Wednesday, December 31, 2014

To Keep One's Self Warm


Object: Warming Pan, ca. 1770-1800
Accession#: 1900.0061


Winter presented a difficult time for families simply trying to keep warm, including the Randolphs. As one historian states, “for most American colonists, winter could be anything from inconvenient to challenging to deadly.” The fireplace provided the only source of heat until Benjamin Franklin invented the wood stove. A fireplace gives but takes away, as much of its heat goes up the chimney and pulls cold air back in to replace it. So heating a room could be a somewhat unsuccessful venture. The following quote, from the Farmer’s Almanac (1784), gives advice on how to keep warm during winter:

  RECIPE TO KEEP ONE’S SELF WARM A WHOLE WINTER WITH ONE PIECE OF WOOD.
Take a piece of wood, fling it out the window into the Yard;  then run downstairs as hard as you ever can; when you have got it, run up again with the same measure of speed; keep throwing and fetching up until the Exercise shall sufficiently heated you.  Renew as often as the occasion shall require!
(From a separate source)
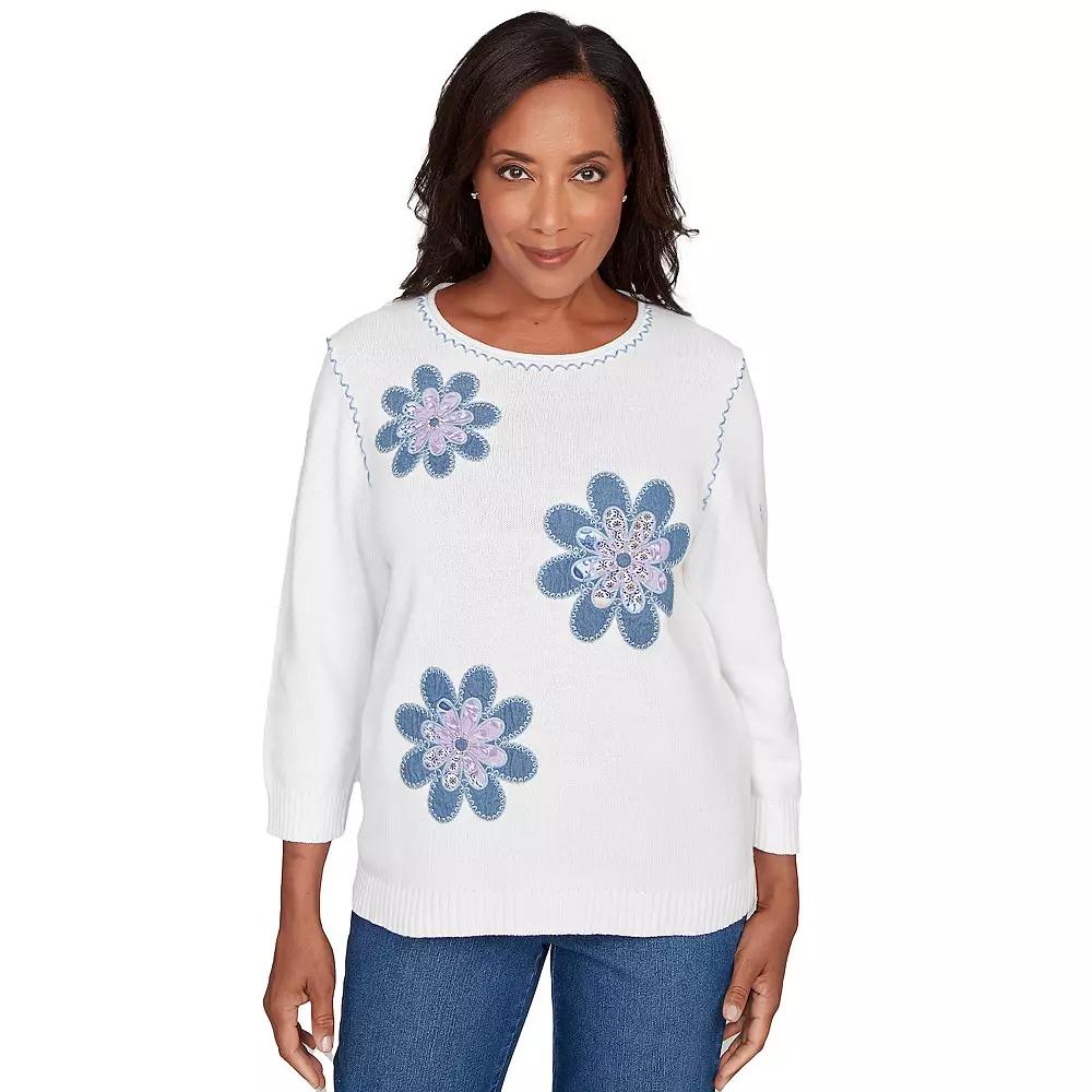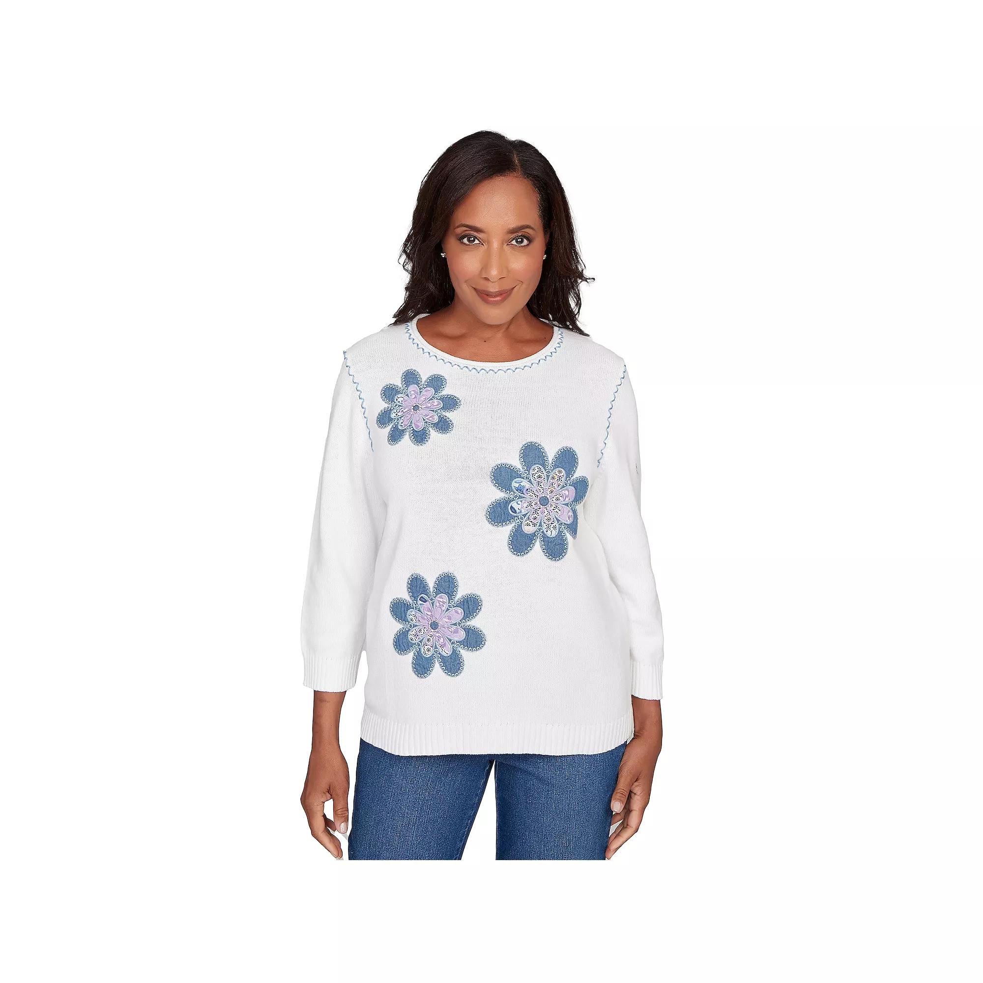Cozy up in this delightful sweater that features charming denim patchwork floral appliques for a handcrafted vibe. With its crew neckline, three-quarter sleeves, and ribbed finishes, this Alfred Dunner gem is perfect for layering and will keep you looking effortlessly chic on those cooler days. Click on this WOMEN'S GUIDE to find the perfect fit and more! - https://www.kohls.com/feature/womens-fit-guide.jsp. FEATURES: Denim patchwork floral appliques for a charming, handcrafted feel. FIT & SIZE: 24 1/2-in. length from shoulder to hem. MATERIAL & CARE: Cotton, acrylic & polyester, Hand wash. DETAILS: No closure - pullover styling, Crewneck, 3/4-in. length sleeves, No pockets, Imported. Size: X Large. Color: Ivory. Gender: female. Age Group: adult. Material: COTTON BLEND.

However, during the night when one might not be energetic enough for such an exercise and is ready for some rest, a warming pan might be filled with hot coals. It would then be used to warm the beds before being occupied.

Usually made of copper, warming pans were circular with a hinged cover that was perforated and etched with landscape designs or flowers. It would also be fixed with a handle made of oak. Better quality ones had handles made of mahogany that were “richly carved with elaborate designs.” An example of a warming pan similar to what might have been used by the Randolph family is this one in Wilton’s collection. It is made of brass, copper, and wood and has a long handle which ends at a round pan with hinged lid. 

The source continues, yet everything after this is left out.